PORT HARCOURT, Nigeria, Nov. 10 (UPI) -- The kidnapping of five Western technicians on an offshore oil platform in Nigerian waters has heightened concern that the West African state's all-important oil industry is again under attack by tribal insurgents.
Monday's abduction, in which two other oil workers were shot and wounded, was the work of the Movement for the Emancipation of the Niger Delta, the principal insurgent group.
MEND warned Monday that it planned more attacks on oil installations in the southern Niger Delta, the heart of Nigeria's oil industry, which accounts for 90 percent of state revenues. The insurgents gave foreign oil companies 72 hours to get out "or face the consequences."
Since they launched the insurgency in 2006, they have slashed Nigeria's oil production by 40 percent, a level of losses the country cannot afford.
In Monday's dawn attack, gunmen in four boats stormed the High Island 7oil platform contracted to the British-owned Afren Oil Services Co. located in the Okron field 7 miles off Nigeria's southern Akwa Ibom state.
Their captives were identified as two Frenchmen, two Americans and a Canadian.
The kidnappings followed several months of sporadic insurgent attacks amid the collapse of a 2009 government peace initiative.
The most serious of the recent attacks was a double car-bombing in Abuja Oct. 1, Nigeria's Independence Day, that killed 12 people. The bombings and Monday's kidnappings marked a sharp escalation in MEND operations just as oil production was shown signs of recovery.
It currently stands at 2.1 million barrels per day. If the violence continues, Nigerian exports to the United States could be hit.
The United States imported 942,000 bpd in August, the U.S. Energy Department says, making Nigeria America's fifth largest supplier of oil.
The swelling violence coincides with political turmoil triggered by an upcoming presidential election and Muslim-Christian massacres in central Nigeria.
Nationwide turbulence on that scale could scare off foreign companies seeking to invest in Nigeria's oil wealth. Several longtime foreign operators such as Royal Dutch Shell, Chevron of the United States and Eni of Italy are selling some joint-venture licenses because of the security crisis.
On Sept. 22, armed pirates clashed with the Nigerian navy off the Niger Delta in a failed bid to take over an offshore platform operated by Addax Petroleum, a subsidiary of China's state-owned Sinopec Group.
The gunmen kidnapped three French employees and a Thai from a support ship. They are still being held, presumably for ransom.
The pirates who operate in the delta's mangrove swamps and creeks and off the southern coast, have frequently seized tanker for their cargoes. They often work with insurgent groups that are engaged in the wholesale theft of crude oil from pipelines and terminals.
Shortly before the government launched an amnesty program in June 2009 in a bid to end the insurgency, the government said it was losing around $1 billion a year in stolen oil.

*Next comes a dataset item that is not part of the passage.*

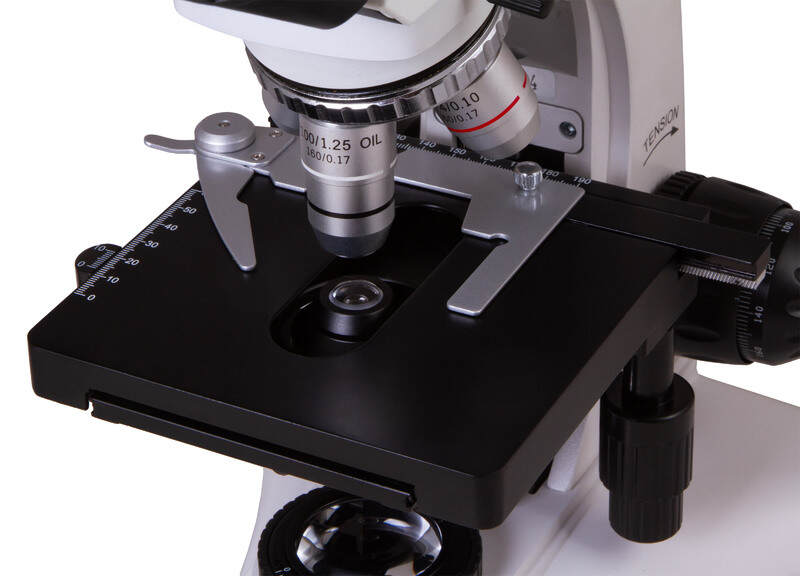 В комплектацию тринокулярного микроскопа Levenhuk MED 20T входят четыре полупланахроматических объектива с увеличением 4х, 10х, 40х, 100х. Линза на 100х позволяет проводить масляную иммерсию. Объективы на 40х и 100х защищены надёжными пружинящими оправами.
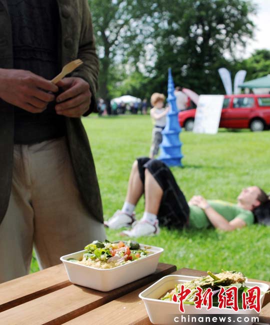 當?shù)貢r間2010年6月6日,英國倫敦舉行卡姆登綠色市集(Camden Green Fair),這是英國倫敦每年環(huán)保領(lǐng)域的“重頭戲”。本屆市集的主旨是要喚起大眾對環(huán)境問題的關(guān)注,選擇更加可持續(xù)發(fā)展的生活方式。據(jù)活動主辦方預計,本屆市集將吸引來自英國各地和世界各國的2萬多人參加。圖為各種素食是綠色展會的絕對“主力”。Fiona/攝 Fiona 馬小剛/文

The activities of the militants and the pirates "have grown into a multibillion-dollar racket with tentacles reaching far into state institutions and criminal connections that stretch from Abidjan to Odessa," the Financial Times reported in July 2009.
All this has stunted fresh exploration in one of Africa's main oil producers. As output has declined, so have the funds the corruption-plagued government needs to maintain the national infrastructure -- and its patronage system.
Plans to reform the oil industry, aimed at attracting an estimated $50 billion in investment, mainly by foreign companies, and boosting state revenues have been repeatedly thwarted.
The companies already in Nigeria, such as Shell and Chevron, don't want to be pushed into a closer relationship with the Nigerian National Petroleum Corp., described by the Financial Times as a "basket case," that would cut their profits.
Thousands of MEND fighters surrendered weapons under the government amnesty declared in June 2009. But the peace initiative began falling apart when the architect of the peace effort, President Umaru Yar'Adua, was stricken by illness in 2009.
Yar'Adua, a northern Muslim, later died. His successor, Goodluck Jonathan, a southern Christian, hasn't been able to revive the crumbling initiative.
He is now locked in a bitter power struggle with northern political barons over the presidential election scheduled for early 2011.